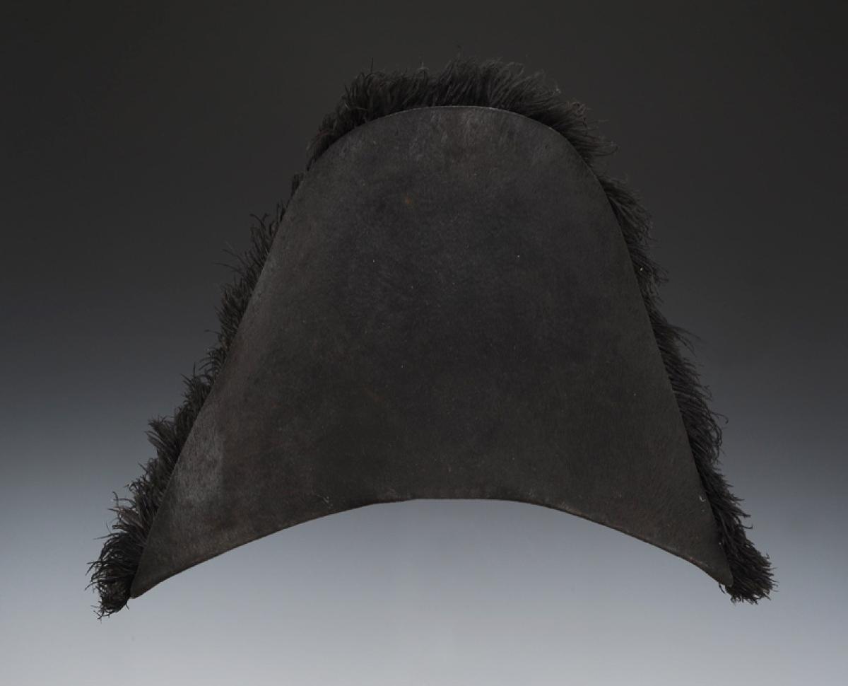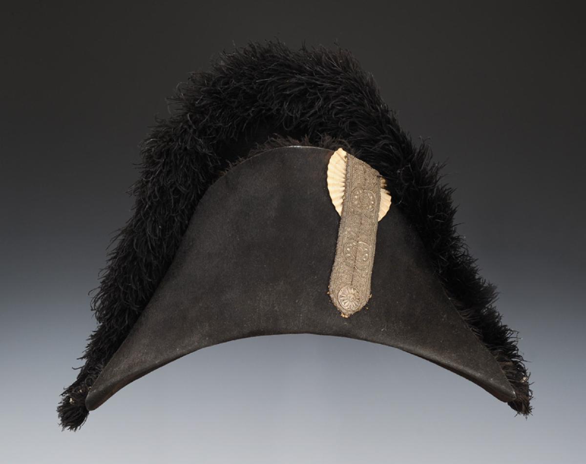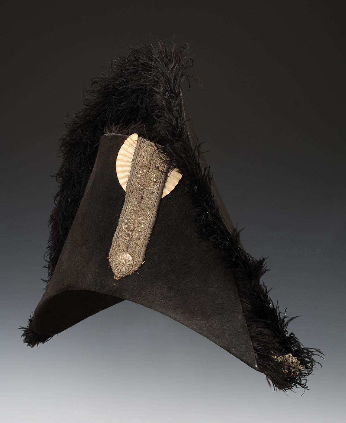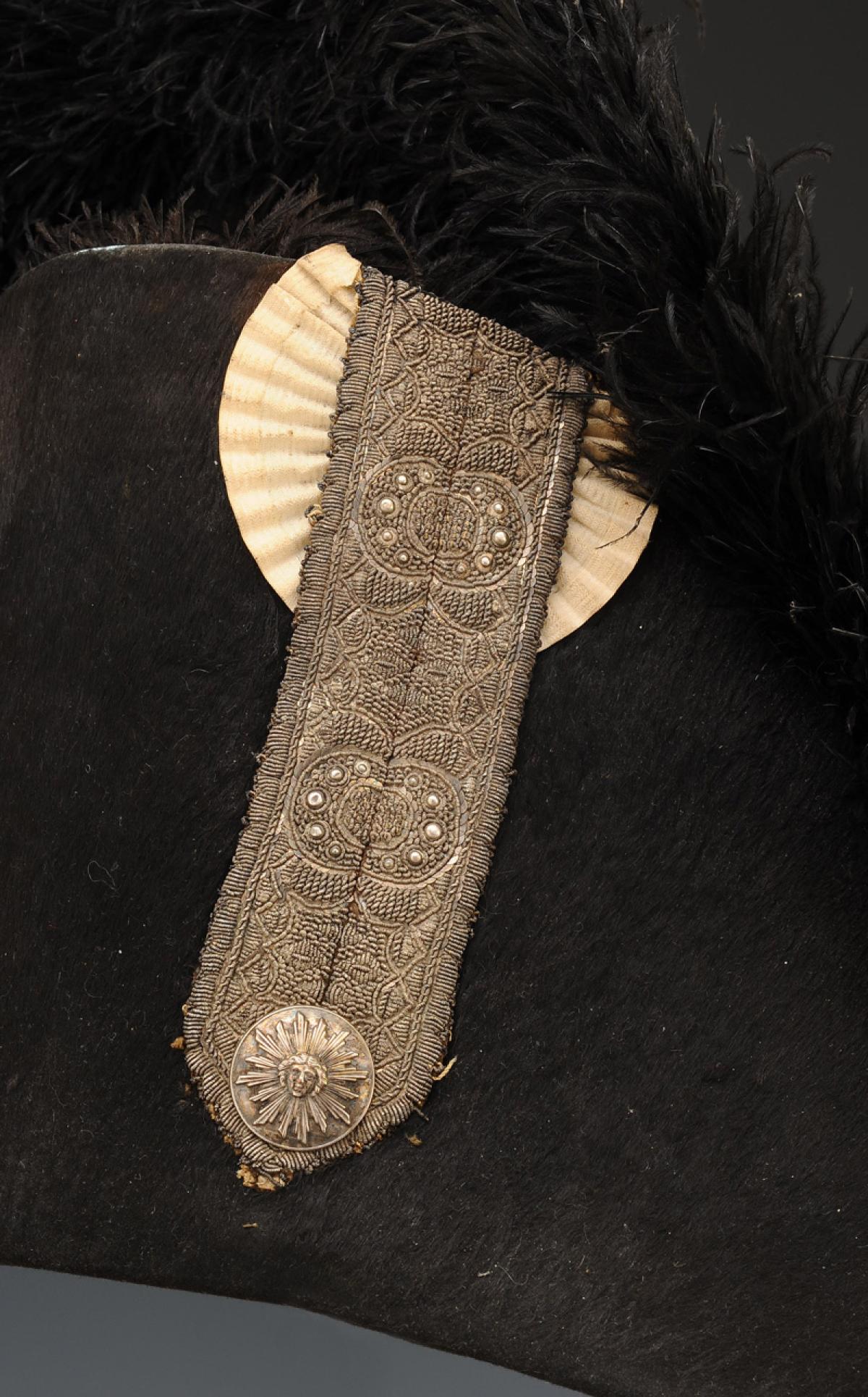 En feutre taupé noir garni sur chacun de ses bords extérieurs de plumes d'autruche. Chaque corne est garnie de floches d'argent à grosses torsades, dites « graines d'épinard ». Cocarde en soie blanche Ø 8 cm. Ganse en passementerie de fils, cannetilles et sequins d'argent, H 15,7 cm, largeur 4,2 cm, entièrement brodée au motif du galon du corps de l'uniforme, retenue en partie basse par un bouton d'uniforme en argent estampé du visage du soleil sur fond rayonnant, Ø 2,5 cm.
---
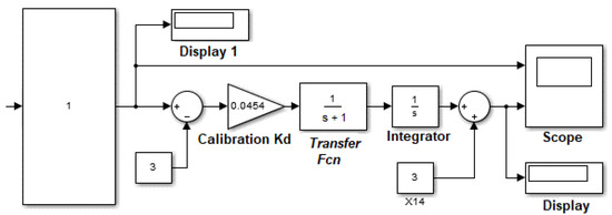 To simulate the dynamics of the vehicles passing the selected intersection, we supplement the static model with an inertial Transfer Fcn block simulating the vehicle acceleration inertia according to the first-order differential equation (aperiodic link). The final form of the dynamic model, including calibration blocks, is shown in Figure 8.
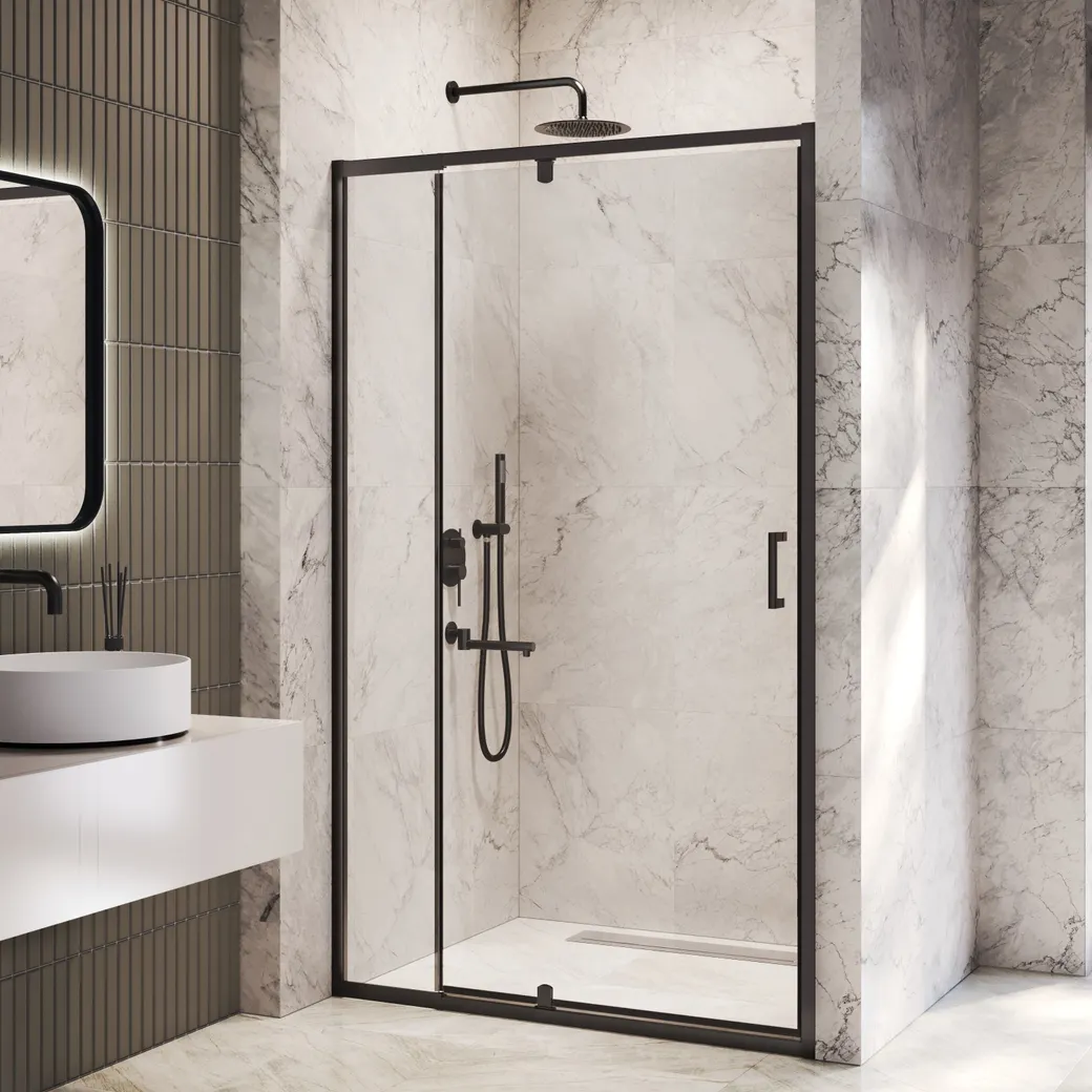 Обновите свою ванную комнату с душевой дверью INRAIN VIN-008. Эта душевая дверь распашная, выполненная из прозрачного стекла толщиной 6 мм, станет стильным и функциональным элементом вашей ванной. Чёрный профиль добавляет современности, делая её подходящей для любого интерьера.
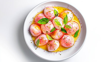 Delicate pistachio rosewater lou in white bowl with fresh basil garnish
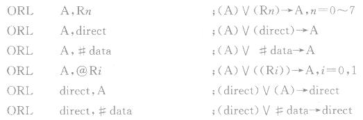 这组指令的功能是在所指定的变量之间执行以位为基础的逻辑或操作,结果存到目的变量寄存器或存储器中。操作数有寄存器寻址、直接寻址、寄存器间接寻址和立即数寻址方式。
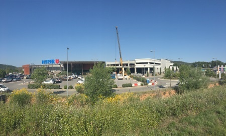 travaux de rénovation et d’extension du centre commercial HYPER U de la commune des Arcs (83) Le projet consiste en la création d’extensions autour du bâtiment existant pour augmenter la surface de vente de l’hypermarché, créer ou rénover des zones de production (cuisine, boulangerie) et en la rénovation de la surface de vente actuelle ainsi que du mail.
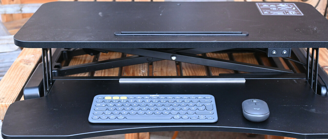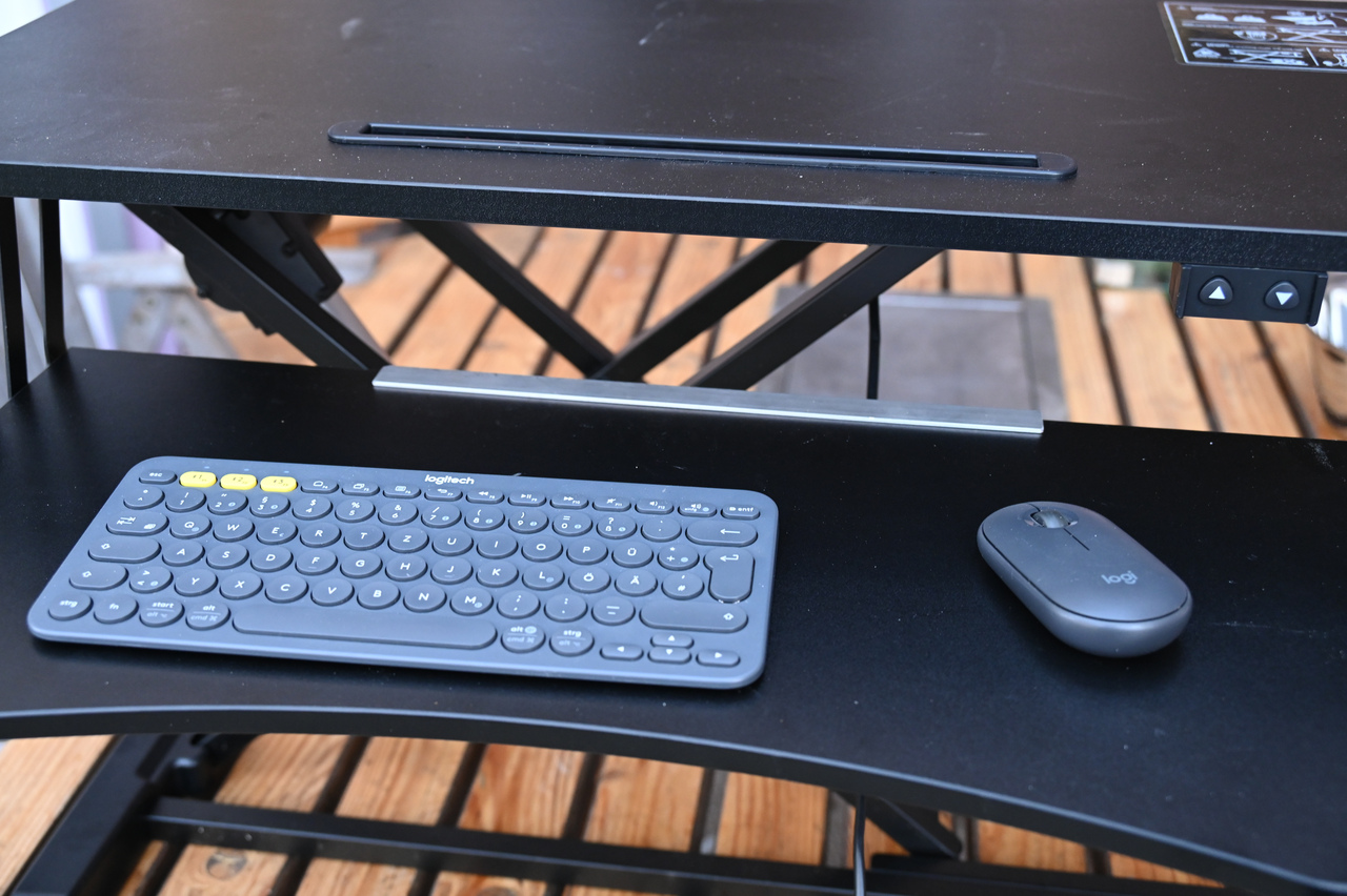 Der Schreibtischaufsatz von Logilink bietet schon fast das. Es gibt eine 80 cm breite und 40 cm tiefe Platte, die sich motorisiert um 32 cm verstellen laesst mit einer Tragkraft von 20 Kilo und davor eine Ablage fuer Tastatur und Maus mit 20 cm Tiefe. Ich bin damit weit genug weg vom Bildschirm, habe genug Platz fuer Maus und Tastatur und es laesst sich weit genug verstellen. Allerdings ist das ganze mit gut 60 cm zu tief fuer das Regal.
---
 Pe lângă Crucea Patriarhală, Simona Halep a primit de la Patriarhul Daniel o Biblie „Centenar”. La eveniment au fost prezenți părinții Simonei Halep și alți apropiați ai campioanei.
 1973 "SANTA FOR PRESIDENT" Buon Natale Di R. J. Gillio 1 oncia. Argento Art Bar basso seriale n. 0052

WORK INSTRUCTION:
In the data above, find the line containing "这组指令的功能是在所指定的变" and the line containing "travaux de rénovation". Repeat those two lines and everything between them exactly, minus the pictures.

ANSWER FOR THIS EXERCISE:
 这组指令的功能是在所指定的变量之间执行以位为基础的逻辑或操作,结果存到目的变量寄存器或存储器中。操作数有寄存器寻址、直接寻址、寄存器间接寻址和立即数寻址方式。
 travaux de rénovation et d’extension du centre commercial HYPER U de la commune des Arcs (83) Le projet consiste en la création d’extensions autour du bâtiment existant pour augmenter la surface de vente de l’hypermarché, créer ou rénover des zones de production (cuisine, boulangerie) et en la rénovation de la surface de vente actuelle ainsi que du mail.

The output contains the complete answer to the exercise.